Steeplejack (Alternative Detective, #1)(7)



“So why did he think he was going to be big in the gang?”

“Optimist,” said Tanish bleakly. “Always going on about what he was going to do when his ship came in.”

I nodded thoughtfully, and as Tanish’s face tightened with the memory, I decided to switch direction. “What about you?” I asked, ruffling his hair affectionately. “What will you do when your ship comes in?”

“Ships don’t come in for the likes of us,” he said.

“Sure they do,” I tried, not believing it.

“Then they’ll be rusted-up pieces of kanti,” he said.

I laughed. “Full of rats,” I agreed.

“And holes,” he added. “And sharks would swim in through the holes and live in the hold, ready to bite your legs off as soon as you went aboard.” He grinned at the idea, and that, for the moment, was as good as things were going to get.

Inside the tent city, a gaggle of local women and their kids had already gathered outside the hut. There was a sense of drama brewing in the air, and they paused in their chatter as we approached, nodding at me with caution and watchfulness. Sinchon’s look as I opened the hut’s juddering door was, however, loaded with accusation.

No surprise there.

Sinchon shared his wife’s disdain for his antisocial sister-in-law. He was a hoglike man who scratched a living panning for luxorite in the river above the Drowning. He had found a couple of grains five years ago, but nothing since, and lived mainly off the scraps of minerals he turned up from time to time. The kids laughed at him because everyone knew there was no luxorite being found anymore, but he still thought I was beneath him.
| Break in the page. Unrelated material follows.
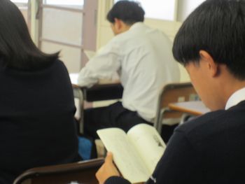本校伝統の学校行事である集団読書を実施しました。ホームごとに同一テキストを読み、グループでテキストの推し部分や感想について、1分間プレゼンテーションとしてグループ内で発表します。他の人の異なった意見を聞き、自分の読みを深めるのに役立つ有意義な活動です。

“Where have you been?” he shot, pausing in the whittling of a stick. “The baby is almost here.”

“I’m here now,” I said.

“Your sister needed you earlier.”

“I was working,” I replied, avoiding his eyes.

And Rahvey hasn’t needed me a day in her life, I added to myself.

“Who’s that?” he asked, gazing past me to where Tanish was loitering on the steps.

“Someone I work with. Used to live here. He’ll help you get some water.”

There was a snatch of conversation from the room beyond the thin lattice door, a woman’s voice. Sinchon looked at the door but did not move. Lani men didn’t go into the delivery room until it was over.

“Hope to the gods it’s not a girl,” he said as I crossed the room.

I said nothing, but I felt the chill grip of the idea inside my chest. Rahvey had had a son who she lost to the damp lung when he was two. She had three girls already. She would not be allowed a fourth.

They dressed it up in other words, but the bald truth was that Lani girls were not considered worth raising. They were married off—expensively—as soon as possible, but the problem wasn’t really about cost. Lani culture was made by men. They were the leaders, the lawmakers, the property holders. Women raised the children, cooked, cleaned, and did as they were told. If they worked outside the home, they were paid less than men for the same job by their Lani bosses, and working for anyone else meant turning your back on your people. Though Morlak and most of his gang were Lani, the mere fact of working in the city proper meant that to most of the people I had grown up with, I had abandoned them. At their best, girls were pretty things used to ally families. At their worst, an annoyance.

Poverty and ignorance have a way of clinging to bad ideas. The worst among what were sanctimoniously clustered as “the Lani way” was the rule that said that no family could have more than three daughters. The first daughter, it was said, was a blessing. The second, a trial. The third, a curse. As a third daughter myself, I felt the full weight of that last piece of wisdom, which was why I spent as little time among “my people” as possible. Rahvey had three girls already. If she gave birth to another, the child would be sent to an orphanage. In the old days, if no suitable mother could be found, more drastic steps would be taken—a grim little secret the appalled white settlers had made illegal. Such practices had, supposedly, ended, but there were accidents during the birthing of unwanted daughters, which people did not scrutinize too closely.

“Is it true, what they are saying?” Sinchon asked, his hand on the door handle.

“About what?” I replied, thinking of Berrit.

“The Beacon,” said Sinchon. His usually impassive face looked uncertain, hunted. “We can’t see it. They are saying someone stole it.”

I frowned, feeling again that sense that the earth had wobbled beneath my feet. “I don’t know,” I said.

“Isn’t that where you work?” he demanded, masking his unease with a contempt with which he was more comfortable.

“It’s not there,” I said. “I don’t know what happened to it, but it’s gone.”

Sinchon’s face set, but he said no more and left.

The inner room was just big enough for a bed and a stove, and the latter had been loaded with coal. It was stiflingly hot, and the air was vinegar sour with sweat. The midwife, kneeling between Rahvey’s splayed legs, shot me a look as I came in and snapped, “Close the door! You’re letting the cold in.”

There was no cold, but I did as she asked.

At the head of the bed, Rahvey looked surprisingly placid, but when her eyes flicked to mine, her face fell instantly.